WORK REQUIRED: There are pictures in the records below; leave them out and set down exactly the lines from the one holding "Men's Comfortable Hollow" through the one holding "A man in a hard".

TASK INPUT:
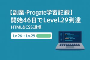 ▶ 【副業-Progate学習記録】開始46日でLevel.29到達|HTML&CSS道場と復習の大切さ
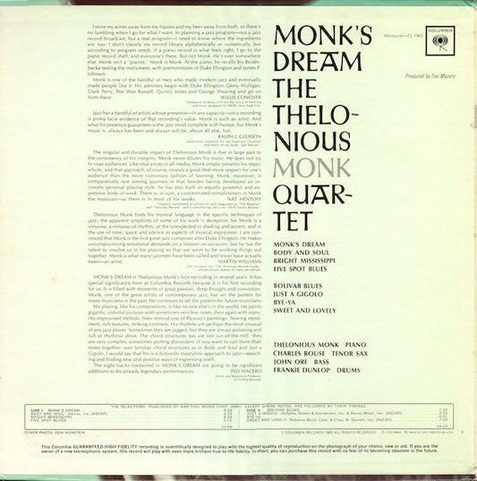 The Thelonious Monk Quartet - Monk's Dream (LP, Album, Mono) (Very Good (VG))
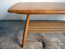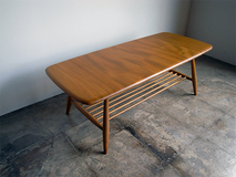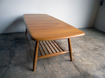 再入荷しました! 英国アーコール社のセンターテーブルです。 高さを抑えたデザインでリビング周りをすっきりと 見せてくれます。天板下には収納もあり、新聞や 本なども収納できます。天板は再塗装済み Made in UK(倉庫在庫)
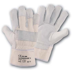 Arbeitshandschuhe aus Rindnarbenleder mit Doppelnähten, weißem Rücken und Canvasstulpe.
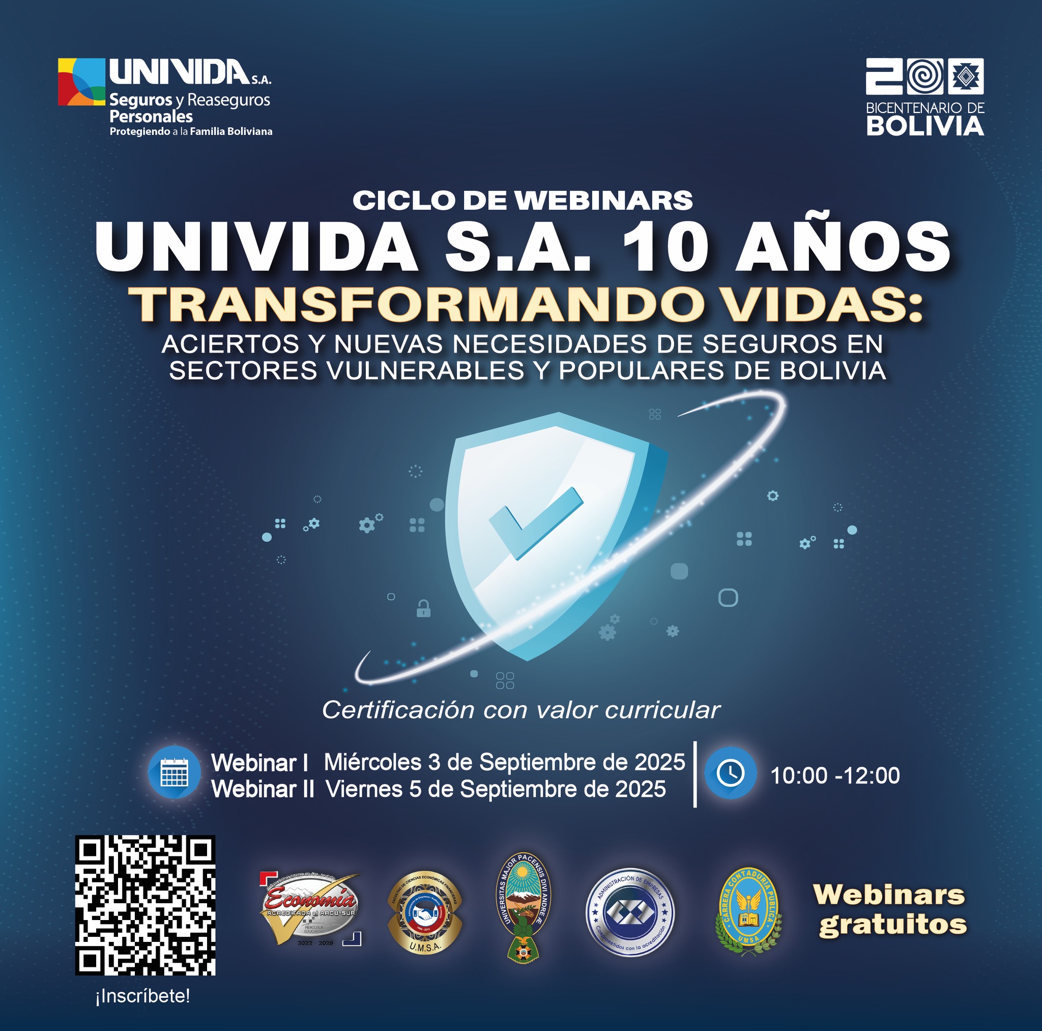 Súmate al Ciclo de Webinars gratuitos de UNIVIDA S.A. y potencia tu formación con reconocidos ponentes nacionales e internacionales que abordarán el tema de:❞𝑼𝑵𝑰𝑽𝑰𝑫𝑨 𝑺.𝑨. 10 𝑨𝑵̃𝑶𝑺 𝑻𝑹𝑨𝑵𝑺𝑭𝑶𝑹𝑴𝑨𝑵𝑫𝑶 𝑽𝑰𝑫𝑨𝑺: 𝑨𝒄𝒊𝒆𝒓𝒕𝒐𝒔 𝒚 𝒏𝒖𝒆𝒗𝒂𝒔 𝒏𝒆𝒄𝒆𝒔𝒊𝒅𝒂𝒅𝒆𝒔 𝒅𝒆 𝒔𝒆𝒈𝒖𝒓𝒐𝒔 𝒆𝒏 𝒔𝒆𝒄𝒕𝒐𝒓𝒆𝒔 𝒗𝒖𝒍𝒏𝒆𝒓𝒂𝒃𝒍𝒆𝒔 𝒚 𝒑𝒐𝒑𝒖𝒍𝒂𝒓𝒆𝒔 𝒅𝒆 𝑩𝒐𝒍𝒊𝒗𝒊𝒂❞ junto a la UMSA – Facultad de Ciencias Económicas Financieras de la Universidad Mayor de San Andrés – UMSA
---
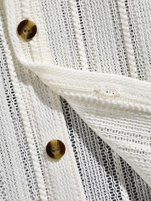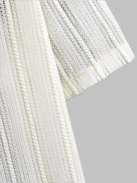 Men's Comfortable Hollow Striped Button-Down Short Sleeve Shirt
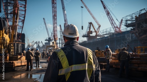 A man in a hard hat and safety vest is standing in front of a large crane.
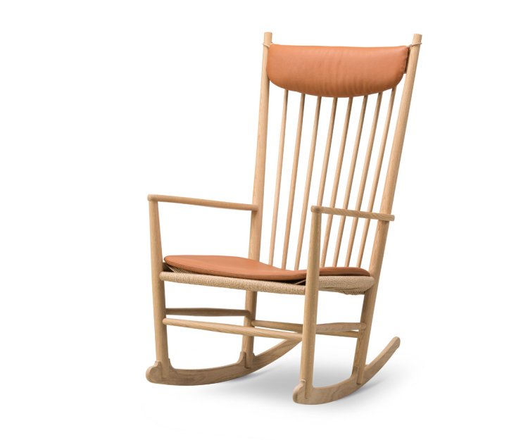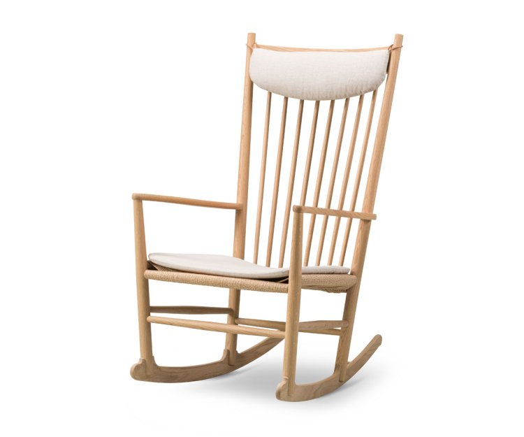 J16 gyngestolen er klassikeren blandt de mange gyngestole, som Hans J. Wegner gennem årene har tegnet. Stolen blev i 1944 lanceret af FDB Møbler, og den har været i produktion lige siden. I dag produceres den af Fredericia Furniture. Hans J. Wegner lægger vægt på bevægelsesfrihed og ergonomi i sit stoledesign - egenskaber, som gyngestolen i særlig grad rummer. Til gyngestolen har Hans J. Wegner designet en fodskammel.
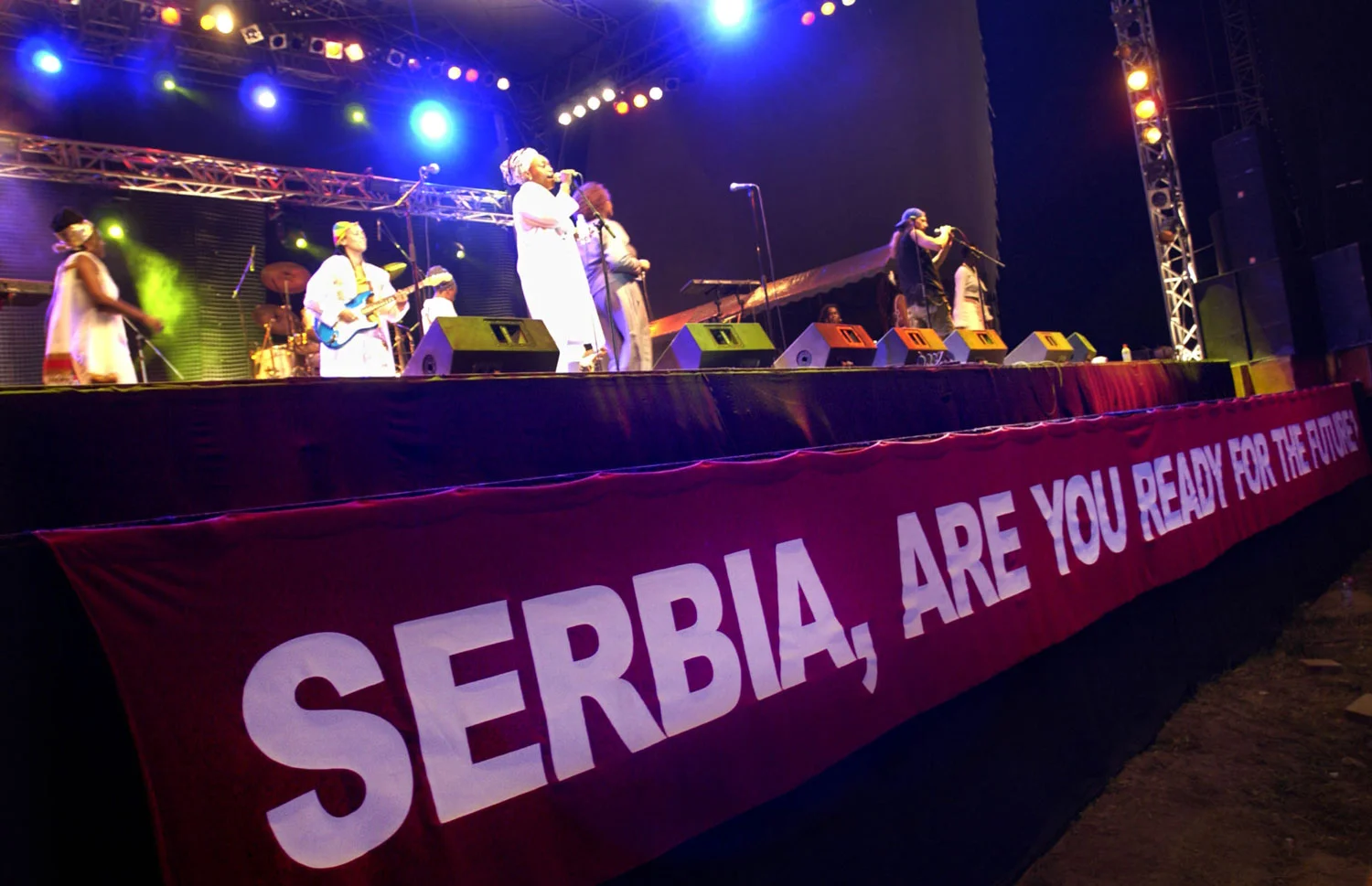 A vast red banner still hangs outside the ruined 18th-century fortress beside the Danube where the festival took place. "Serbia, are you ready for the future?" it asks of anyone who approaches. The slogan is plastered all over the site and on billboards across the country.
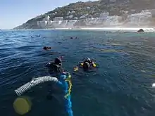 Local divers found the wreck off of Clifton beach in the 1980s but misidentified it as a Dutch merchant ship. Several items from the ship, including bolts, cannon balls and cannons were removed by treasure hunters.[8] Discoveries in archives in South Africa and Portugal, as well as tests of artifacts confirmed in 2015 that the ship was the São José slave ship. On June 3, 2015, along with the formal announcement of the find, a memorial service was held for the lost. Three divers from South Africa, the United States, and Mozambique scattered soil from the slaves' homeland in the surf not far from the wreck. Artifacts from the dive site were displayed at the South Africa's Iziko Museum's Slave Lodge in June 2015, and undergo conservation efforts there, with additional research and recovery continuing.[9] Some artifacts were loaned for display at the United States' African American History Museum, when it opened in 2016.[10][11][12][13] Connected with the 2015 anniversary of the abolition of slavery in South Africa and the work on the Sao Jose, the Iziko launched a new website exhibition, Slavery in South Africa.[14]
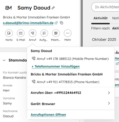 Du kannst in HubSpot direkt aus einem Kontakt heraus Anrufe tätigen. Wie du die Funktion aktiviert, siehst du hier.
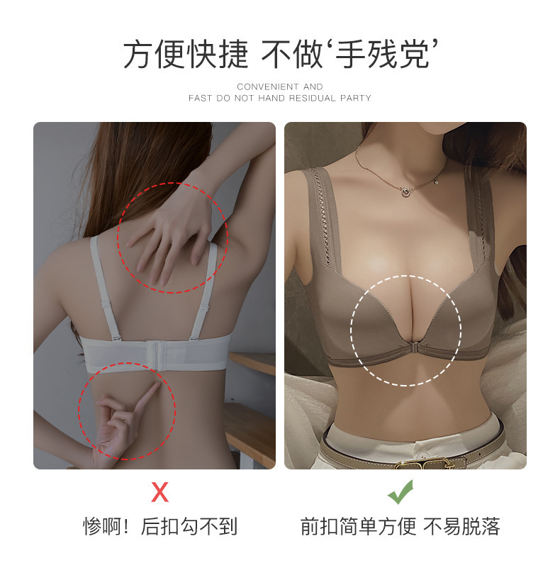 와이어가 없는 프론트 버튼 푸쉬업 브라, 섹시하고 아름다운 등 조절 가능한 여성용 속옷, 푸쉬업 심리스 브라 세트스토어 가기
...
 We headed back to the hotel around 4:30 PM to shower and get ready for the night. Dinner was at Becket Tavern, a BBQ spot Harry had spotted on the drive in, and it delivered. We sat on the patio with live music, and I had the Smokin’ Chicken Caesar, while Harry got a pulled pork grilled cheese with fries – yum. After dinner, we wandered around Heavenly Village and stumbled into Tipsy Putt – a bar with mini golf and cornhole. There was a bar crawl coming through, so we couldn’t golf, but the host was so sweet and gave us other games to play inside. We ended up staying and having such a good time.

RESPONSE AREA:
 Men's Comfortable Hollow Striped Button-Down Short Sleeve Shirt
 A man in a hard hat and safety vest is standing in front of a large crane.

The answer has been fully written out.